Um exemplo emblemático desse fenômeno é a regulamentação dos bioinsumos, um campo de inovação constante que já movimenta bilhões de reais em pesquisa e desenvolvimento, mas que permanece travado por disputas ideológicas e pressões de mercado, sim de mercado.
A premissa fundamental de qualquer arcabouço regulatório que se pretenda eficiente é a isenção, afinal as normas devem ser elaboradas com base em dados técnicos, experimentação científica e análise de riscos; não em convicções pessoais ou visões de mundo particulares. A previsibilidade, por sua vez, é o que permite que empresas e investidores planejem suas atividades com segurança, alocando recursos em inovação e produção.
No caso dos bioinsumos, produtos biológicos utilizados na agricultura para controle de pragas e melhoria da produtividade, o potencial é imenso. Trata-se de uma tecnologia que reduz o uso de defensivos químicos, promove a sustentabilidade e gera valor agregado. Contudo, sua regulamentação, que deveria ser um processo técnico e harmonioso para definir critérios de eficácia, segurança e registro, tornou-se um verdadeiro campo de batalha.

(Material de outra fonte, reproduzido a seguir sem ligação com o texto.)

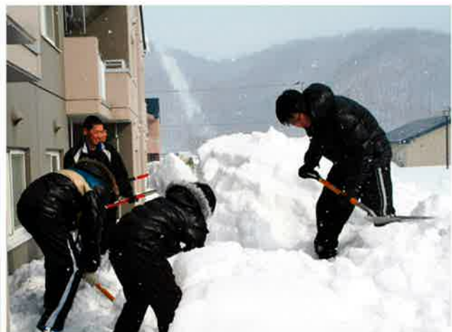
2月の台風並みの低気圧で団地のベランダに吹き込んだ雪をていねいに除雪していきます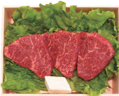
15 赤城和牛 モモステーキギフト AKG-3 5,800円 (80・冷蔵) 赤城和牛といばこれ。 本当に美味しい赤身肉をステーキで。 180g×3枚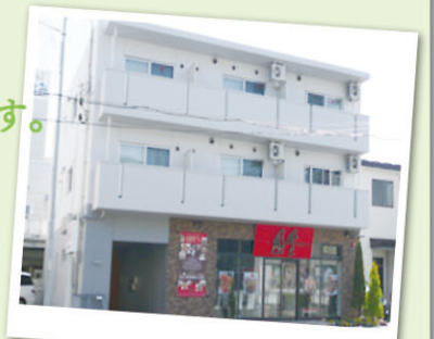
◀店舗+マンション(八戸市内)▶

所有している土地の周辺環境によっては 合理的な活用が可能です。店舗やマンショ ンなど、お持ちの土地を田名部組と一緒に 考え直してみませんか?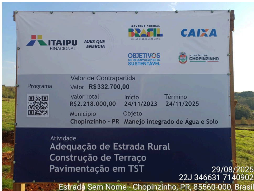
(Imagem da placa da obra)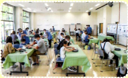
「勾玉ざんまい」の様子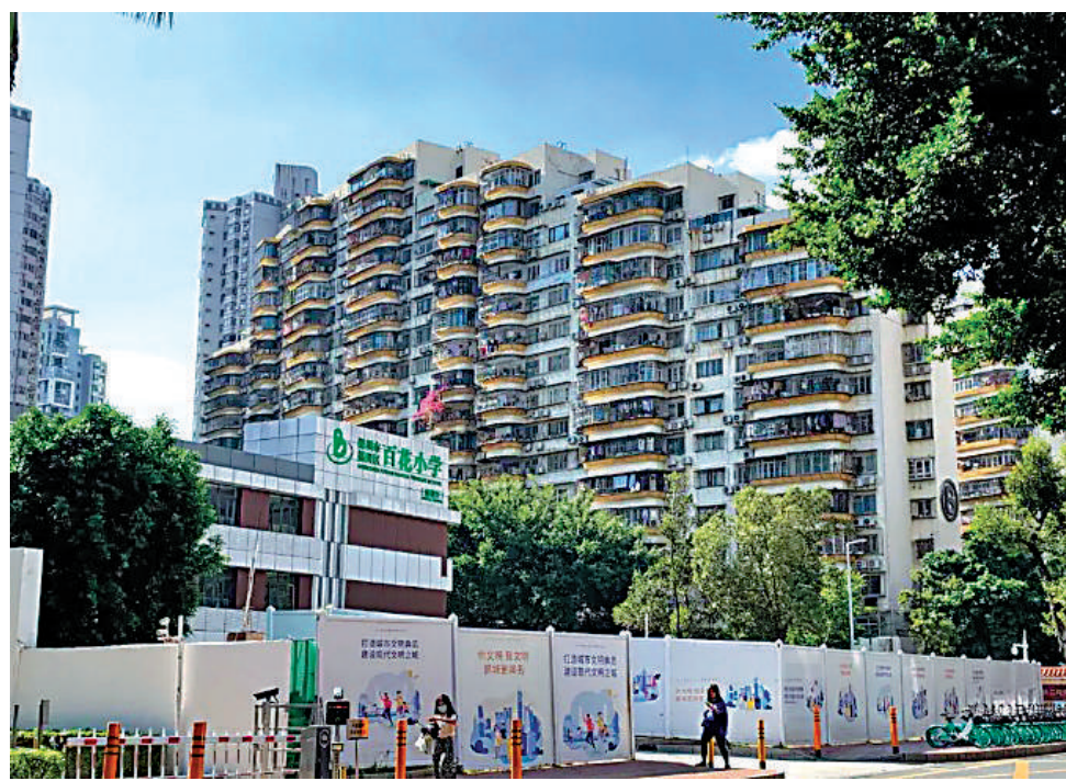
▲百花片區不僅名校雲集，且課外興趣班、補習班也是遍地開花。

「雞娃」是網絡流行詞，指的是父母為了孩子能讀好書、考出好成績，不斷給孩子安排各種學習和活動，讓孩子去拚搏的行為。百花片區位於深圳地鐵6號線體育中心站附近，屬於福田區園嶺街道，交通四通八達，環繞有地鐵1號線、3號線、6號線，片區離中國電子一條街華強北及深圳市委市政府大樓較近。

O entrave não é técnico, mas sim ideológico e comercial. De um lado, há grupos que defendem uma regulação excessivamente restritiva, baseada em uma visão reativa que desconsidera o acúmulo de evidências científicas. De outro, interesses comerciais de setores estabelecidos, que veem nos bioinsumos uma ameaça a seus mercados e lucros, atuam para retardar ou inviabilizar a aprovação de normas claras, seguras e eficazes.

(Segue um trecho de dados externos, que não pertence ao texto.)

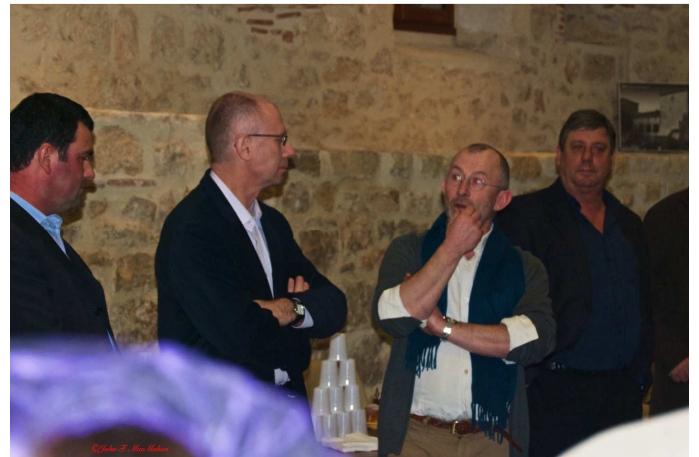
VOEUX DU MAIRE 01 2012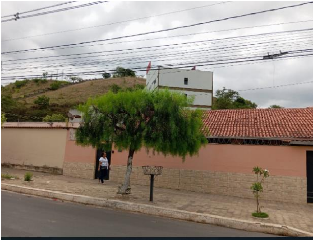
Foto 9- Av. Adibh cada com espécie correta de uma arvore de médio porte e outra recém plantada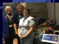
Sud-Ouest de l'Ontario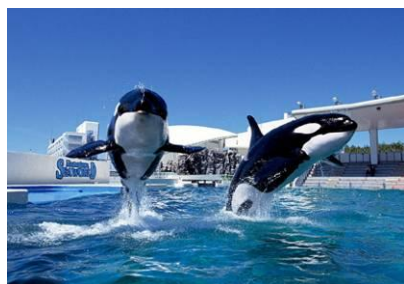
豪快なシャチパフォーマンス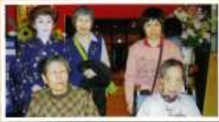
柳田新生寮・女子合同小旅行 こまち健康ランド 10月29日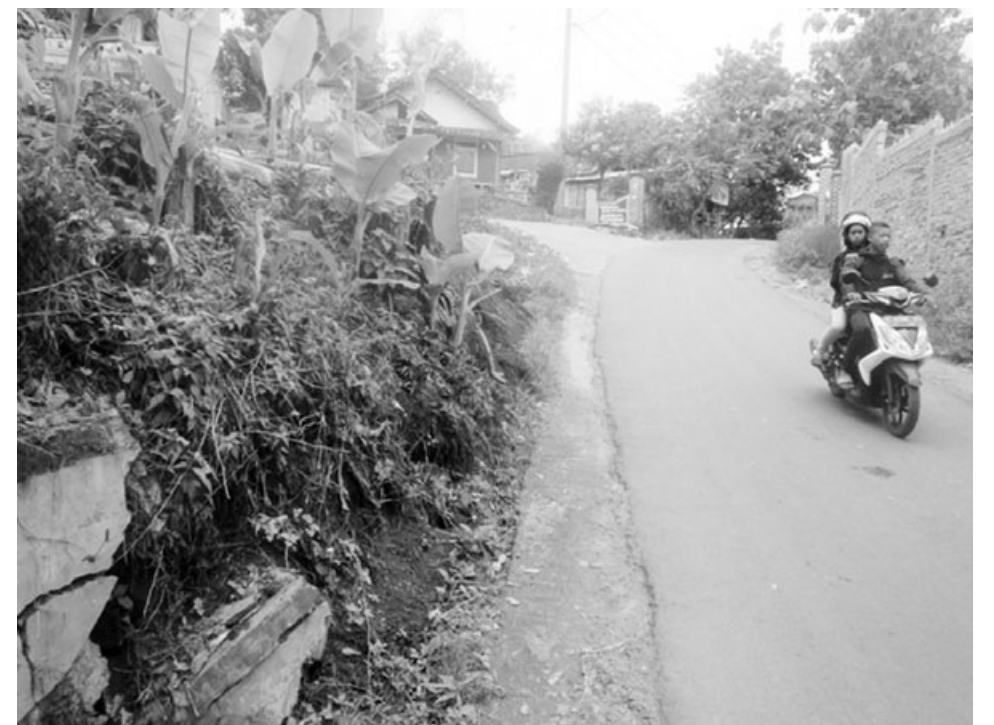
TERTUTUP: Drainase tertutup oleh bongkahan TPT yang ambrol namun hingga kini belum juga dibenahi oleh pihak terkait.

Selain itu, sisa TPT yang masih tersisa tampak sudah retak terancam ambrol lagi. Bila tak secepatnya diperbaiki, tak menutup kemungkinan drainase yang tertimbun terus bertambah. (pap)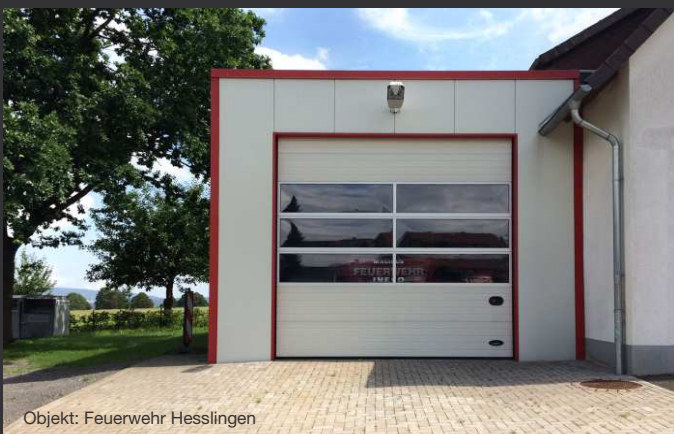
Objekt: Feuerwehr Hesslingen

O resultado é um impasse que condena o Brasil a perder a dianteira em uma área de vanguarda, enquanto outros países avançam com regras objetivas e empresas que investiram bilhões em pesquisa se veem reféns de uma burocracia que não responde a critérios racionais, mas a pressões políticas e corporativas. Esse cenário gera insegurança jurídica, desestimula novos investimentos e compromete a competitividade do agronegócio brasileiro.
A ciência deve ser a bússola de qualquer regulamentação.
Não se trata de negar a importância de debates legítimos sobre impactos ambientais ou sociais, mas de garantir que esses debates sejam informados por dados robustos e não por dogmas. A inovação, por definição, desafia o status quo e exige que as regras evoluam em paralelo. Quando a ideologia trava esse processo, o preço é pago por toda a sociedade: perde-se em produtividade, em sustentabilidade e em competitividade.
Portanto, a saída para o impasse regulatório dos bioinsumos e de outros setores inovadores é o retorno ao que deveria ser o normal, ou seja, regras baseadas em evidências, previsibilidade nos prazos de aprovação e respeito ao devido processo legal. É preciso que os órgãos reguladores atuem com autonomia técnica, blindados contra interferências ideológicas, pressões comerciais e pessoas mal intencionadas.
O Brasil precisa de um pacto pela racionalidade regulatória, onde o mérito científico prevaleça sobre convicções pessoais e onde o interesse público não seja sequestrado por interesses privados; caso contrário, o caos instalado não será apenas um obstáculo temporário, mas uma ferida que inviabilizará o futuro da inovação nacional.
*Luciano Vacari é gestor de agronegócios e CEO da NeoAgro Consultoria.